Just days after the Shetland Islands Council (SIC) voted overwhelmingly to explore the options for “achieving financial and political self-determination”, leader of Orkney Islands Council James Stockan said that the islands would have to ensure that the option of self-determination would be written into any future Scottish independence referendum.

A majority of Orkney’s councilors had backed a motion investigating “greater autonomy or self-determination” in the wake of the Brexit vote in 2017. Stockan told The Herald, which backed the unionist cause in the 2014 Scottish independence referendum: “We want to seek our opportunity as a unique part of the UK that we could do something different if we wished. All constitutional matters ultimately rest with Westminster, so the question is, we would need to make sure that is written into any future referendum (on Scottish independence from the UK).”

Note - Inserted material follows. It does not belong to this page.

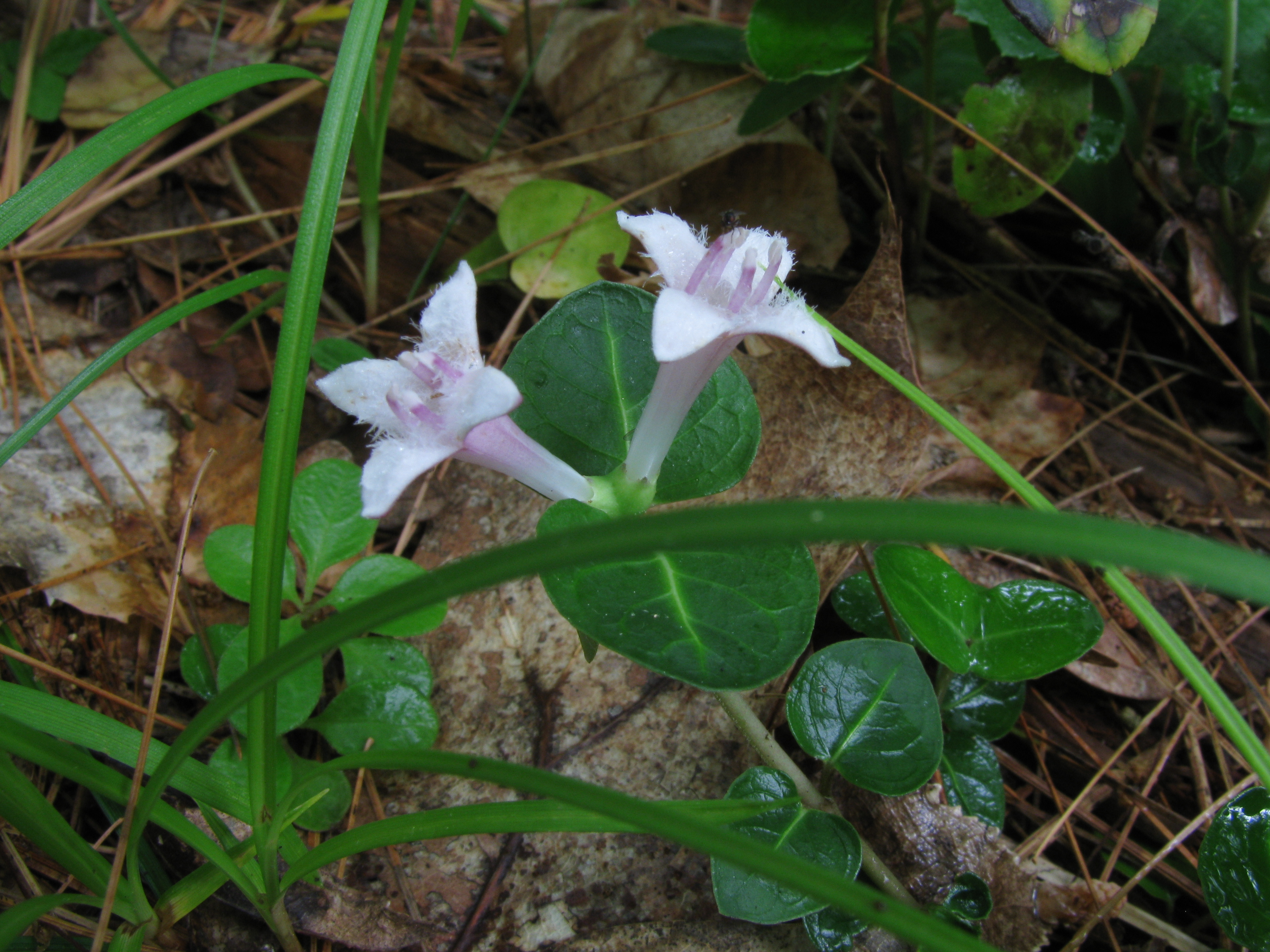 Twin flowers of Mitchella repens. There is also some sort of Diptera on the right blossom.

On the SIC’s vote, Stockan added: “Shetland is a slightly different position in that they want to do this now. We will work with them and support them because we both have the same historic background and the same challenges from government and there are some unique opportunities in a post-Brexit world.”

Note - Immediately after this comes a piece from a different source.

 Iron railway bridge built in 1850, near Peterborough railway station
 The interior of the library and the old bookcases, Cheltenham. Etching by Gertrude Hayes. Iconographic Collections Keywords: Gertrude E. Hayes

The SIC motion stated some of the reasons behind the move that was backed 18-2 by the islands’ 22 councillors. It said: “In recent times we have seen more and more decision making being centralised and public funding being consistently reduced. We are concerned that this situation is threatening the prosperity, and even basic sustainability, of Shetland as a community.”

Orkney and Shetland mull independence from Scotland

Council leader Steven Coutts highlighted the opportunities in energy transition and also ferry funding as key issues, but also mentioned fisheries, aquaculture, and the space industry as key industries for the future that needed to have local policy if they were to bring about thriving island communities.

The Scottish government’s Islands Minister Paul Wheelhouse hit back, saying, “In 2018 we passed the Islands Act – a historic piece of legislation which hands more power to our island communities and acknowledges their uniqueness, by enabling relevant local authorities to request the transfer of responsibilities from Scottish Ministers to them, following consultation with their own local communities. No additional powers requests have been submitted thus far.”

All of this plays very much into the ongoing debate around Scottish secession from the UK. Orkney and Shetland have traditionally been some of the most pro-UK parts of Scotland and recorded substantial unionist votes in the Scottish independence referendum. They have also largely resisted the SNP surge and have continued their tradition of returning Liberal Democrat MPs and MSPs at Westminster and Holyrood. A significant factor is that a large proportion of the North Sea oil and gas deposits that have traditionally been part of the SNP’s economic case for independence lie in the waters around Shetland and Orkney.

Nationalists have been key to play down the impact on Scottish independence and pointed out, quite rightly, that traditional moves for greater self-determination have not talked mainly of complete independence, but rather greater autonomy, with similar models to those used by the UK Crown dependencies of Jersey, Guernsey, and the Isle of Man. The example of the nearby Faroe Islands which has significant autonomy from Denmark has also been cited. It is also interesting to note that SIC’s sole SNP representative voted in favour of the motion and it is possible that the islands could choose to join Scotland rather than the UK if they were to be offered a favourable deal. Pro-independence The National newspaper argued that the motion was more about getting a better budget deal from the Scottish government rather than re-joining the UK after an independence vote.

Interestingly, a council by-election will be held in part of Orkney next month but it remains to be seen if independence from Scotland will be an issue on the doorstep.